TheCorporateCounsel.net

July 7, 2011

Shareholder Proposals: The Rise of Rebuttals to Company’s Statements in Opposition

Until this year, I think it was fairly rare that a shareholder proponent would bother to file something with the SEC to disagree with a company’s Statement in Opposition to the shareholder proposal. These Statements in Opposition are disclosed in a company’s proxy statement directly after the 500-word-or-less proposal and are governed by Rule 14a-8(m).

Under that rule, the company must provide a copy of its Statement at least 30 calendar days before definitive proxy materials are filed (or a 5-day timeframe if the SEC Staff requires the proponent to revise its own proposal under a no-action response).
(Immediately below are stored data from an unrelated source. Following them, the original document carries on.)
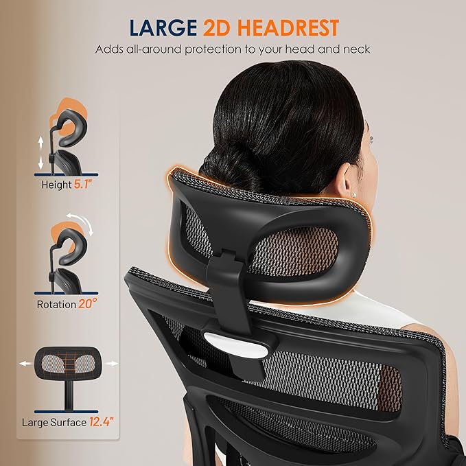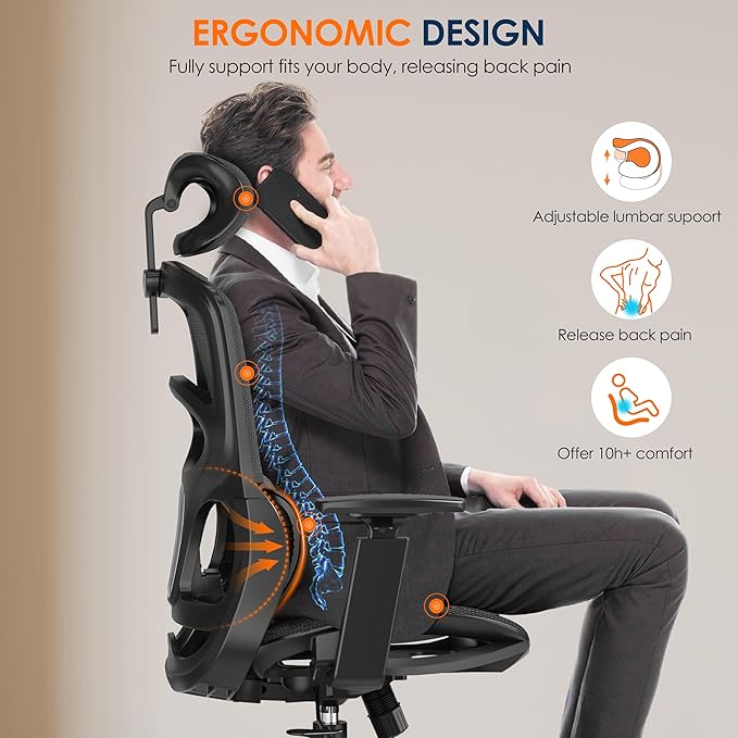 GABRYLLY Ergonomic Office Chair, High-Back Desk Chairs with Adjustable Lumbar Support, Headrest, Tilt Function, Soft Wide Seat and 3D Armrest, 300 LBS Sturdy Home Mesh Chair Task Chairs, GY1070
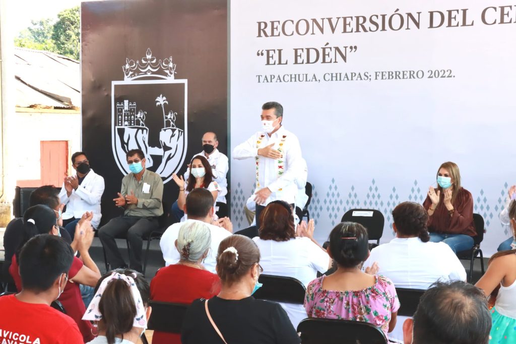 En el ejido El Edén, del municipio de Tapachula, se reconvirtió el Centro de Salud con la finalidad de otorgar una atención digna y cálida, mediante el fortalecimiento de la infraestructura que permita brindar servicios oportunos, eficientes y resolutivos, tanto a la población de este municipio, como a las personas en condición de migración.
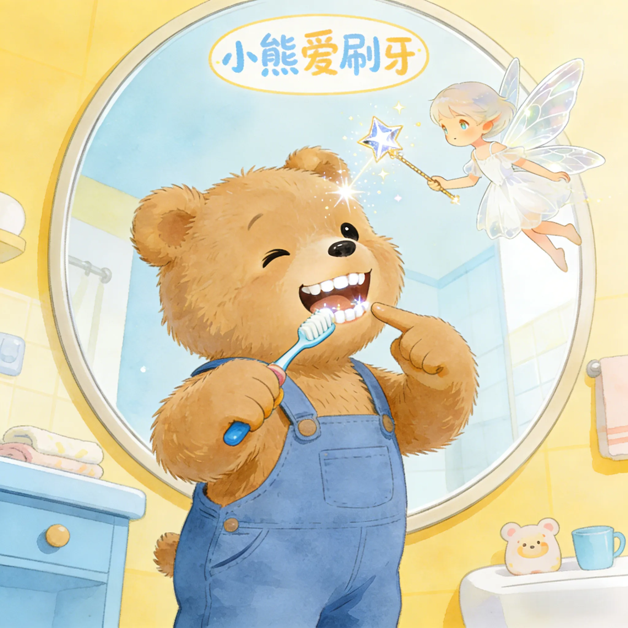小熊嘟嘟在牙齿小精灵的帮助下,打败了调皮的小细菌,学会了正确刷牙,从此拥有了亮晶晶的健康牙齿。
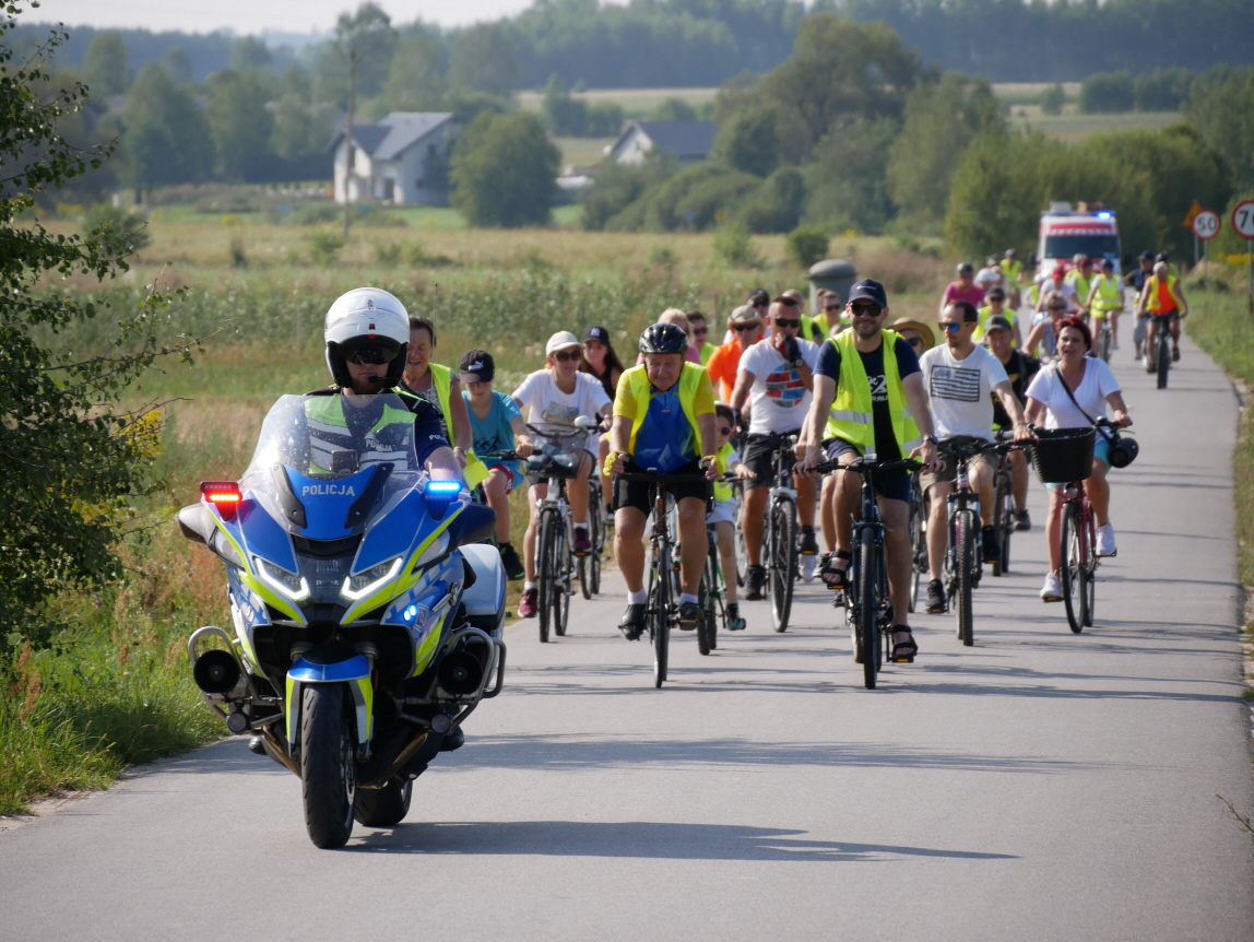 Następnie grupa kolarzy w asyście funkcjonariuszy policji Komendy Powiatowej Policji w Opocznie oraz strażaków z OSP Dąbrówka wyruszyła na trasę rajdu. Rowerzyści pokonali trasę o długości około 28 km wiodącą przez miejscowości: Dąbrówka, Radzice Małe, Brzuza, Giełzów, Trzebina, Krzczonów, Jelnia, Radzice Duże, Werówka, Strzyżów. Po dotarciu na metę, która była zlokalizowana na terenie Ośrodka Sportu i Rekreacji w Drzewicy, Zastępca Burmistrza Dominik Niemirski podziękował za udział w rajdzie oraz z pomocą Edyty Bartos Prezes Centrum Aktywności Lokalnej w Drzewicy rozlosował upominki dla uczestników.
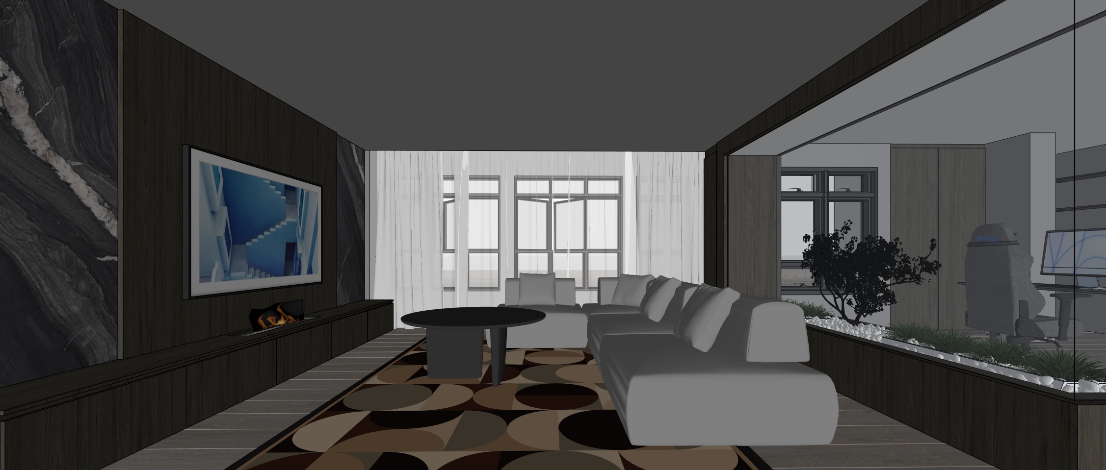 a modern kitchen with a minimalist design the cabinets are a crisp white with clean lines providing a sleek and contemporary look the wooden lower cabinets add warmth with a light oak finish the kitchen countertop is a smooth polished white marble reflecting a sense of elegance a black refrigerator complements the monochrome theme enhancing the minimalist aesthetic the dining area features a rustic light wood round table surrounded by comfortable gray fabric chairs the floor is a light gray wood adding to the airy open atmosphere large windows bring in natural light creating a bright welcoming environment the overall atmosphere is serene and harmonious with a perfect balance of modernity and comfort
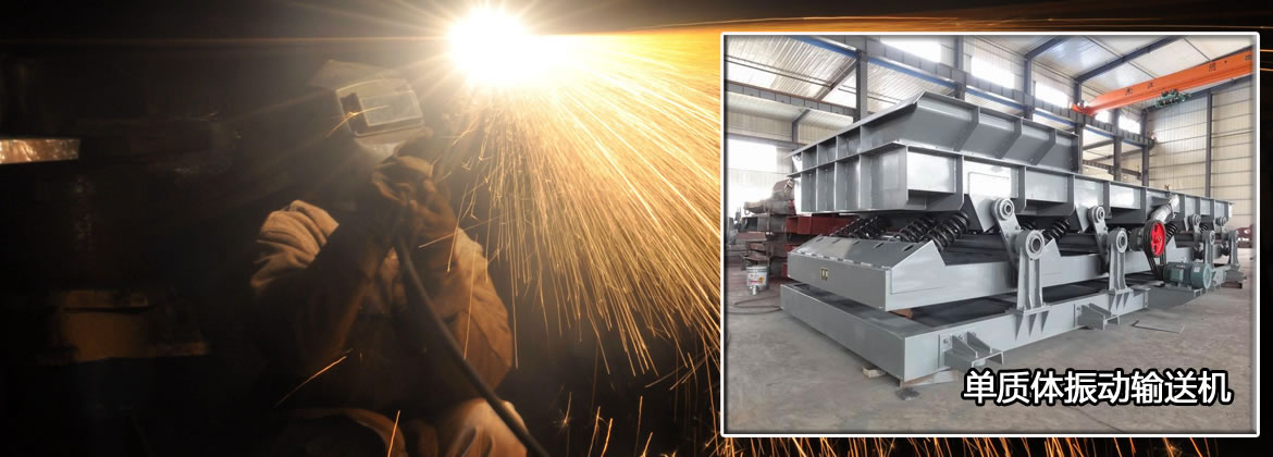SSL共振式振動輸送機是利用激振器使料槽振動,從而使槽內(nèi)物料沿一定方向滑行或拋移的連續(xù)輸送機械。激振器在電機驅(qū)動下產(chǎn)生周期性振動力,通過傳動機構(gòu)傳遞到輸送槽,輸送槽在激振源的帶動下按激振源相同的振動頻率產(chǎn)生周期性線性振動,同時振動力方向與輸送槽體輸送方向呈一定的拋料角,槽內(nèi)物料在強迫振動力的作用下沿槽體輸送面連續(xù)跳躍向前移動。除激振機構(gòu)某些零部件外,相對轉(zhuǎn)動部件很少。物料在振動輸送機中呈現(xiàn)拋射狀態(tài)輸送,對輸送槽的磨損較小。
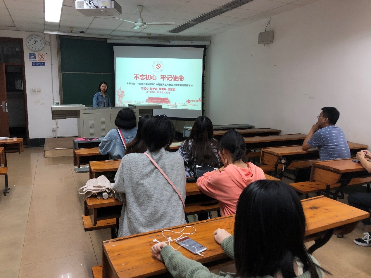 生命学院2018级硕士研究生党支部于94日晚在逸夫馆4304B教室联合开展了以“认真学习习近平总书记在“不忘初心、牢记使命”主题教育工作会议、中央政治局第十五次集体学习上发表的重要讲话精神”为主题的党日活动。活动由2018级党支部书记王珏同志主持,支部的党员和积极分子都参加了活动。
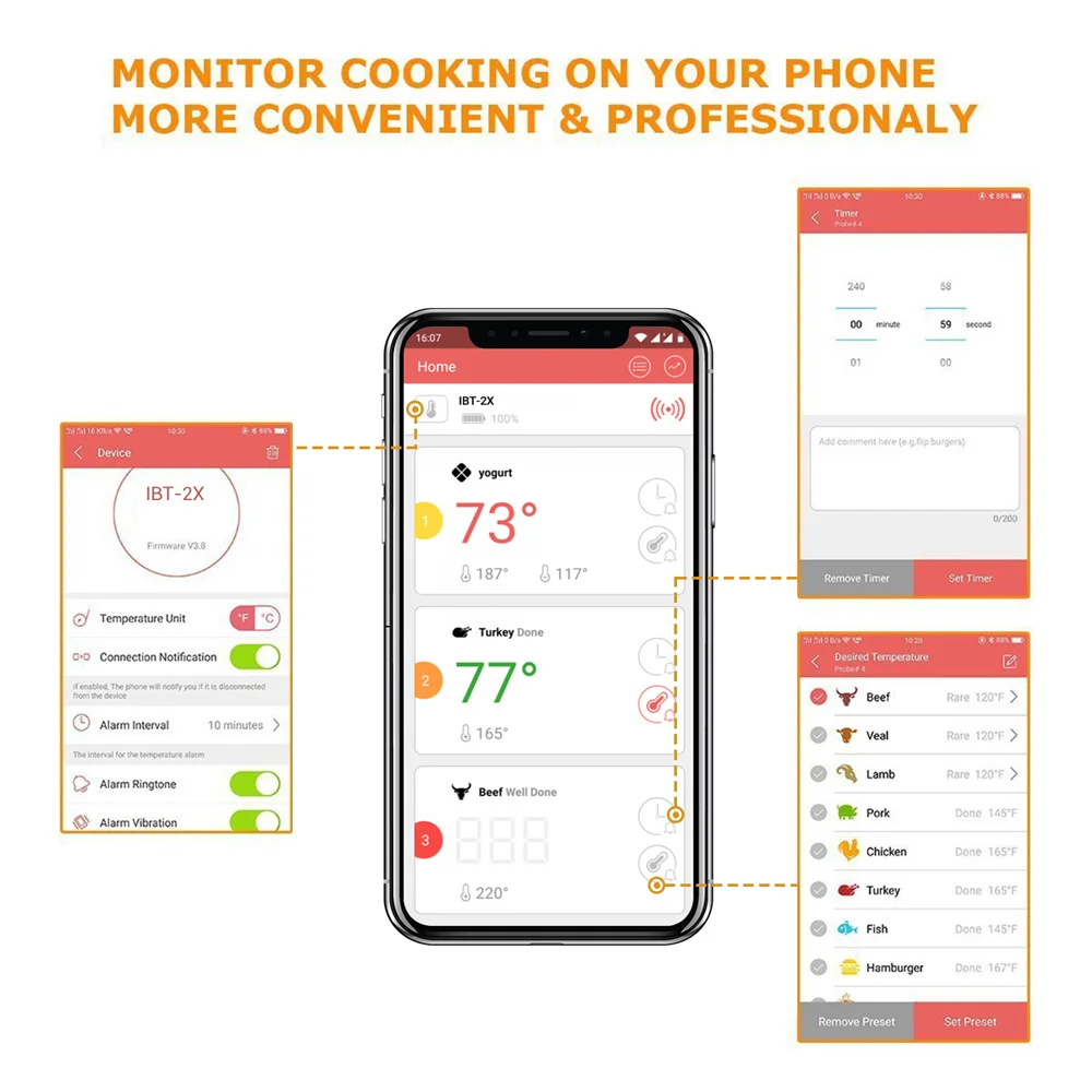 Inkbird Bluetooth беспроводной термометр для мяса IBT-2X портативный цифровой светодиодный измеритель температуры для приготовления барбекю, гриля, духовки

Once a proponent sees the company’s Statement, it can contest what it says if it feels its materially false and misleading with the SEC Staff.

In the alternative, the proponent can just “go public” with how it feels about the company’s Statement if it first files a Notice of Exempt Solicitation under Rule 14a-6(g) – the information in this Notice can then serve as the proponent’s formal rebuttal (technically, the proponent doesn’t have to file this Notice unless they cross the $5 million ownership threshold of Rule14a-6(g). For the larger institutions, you can assume that to be the case, but necessarily for the smaller ones – thus, not all of these responses get filed with the SEC).

With the ability for proponents to easily publicize their views on the Web, it seems that proponents are now more willing to publicize their displeasure about how a company comments on their proposal by filing a Notice of Exempt Solicitation with the SEC rather than just complaining to the Corp Fin Staff. For example, As You Sow filed this Notice of Exempt Solicitation recently relating to a fracking proposal submitted to Exxon Mobil. And here’s another one filed by As You Sow rebutting First Energy’s Statement in Opposition. And here is one from the Detroit Province of the Society of Jesus sent to OM Group. Hat tip to Simon Billenness for pointing this trend out and Keir Gumbs for being the legal beagle!

Study: A Ten-Year Comparison of Restatements

In a recent study, Audit Analytics looked back over ten years of restatements and, among other things, found the following:

– The quantity of restatement and non-reliance disclosures peaked in 2006 with 1795 disclosures.

– Each of the three years thereafter experienced a decline in the number of disclosures with 683 restatements in 2009.

– After three years of decline, financial restatements experienced an uptick in quantity in 2010, largely due to non-accelerated filers, but the severity remained low.

– In 2010, the number of restatements disclosed by accelerated filers decreased.

We have posted the study in our “Restatements” Practice Area.

Managing Foreign Subsidiaries

In this podcast, Kevin Penzien of Citco Corporate Services explains how companies manage the complexities of multiple foreign subsidiaries, including:

– Why should foreign subsidiaries be a priority for the corporate secretary? Don’t they have bigger fish to fry?
– Why not just hire local outside counsel to assist with foreign subsidiaries?
– Which foreign markets are particularly hot among your clients? And which jurisdictions are most difficult for US multinationals to manage legal entities?
– What are the typical foreign subsidiary implications in M&A transactions?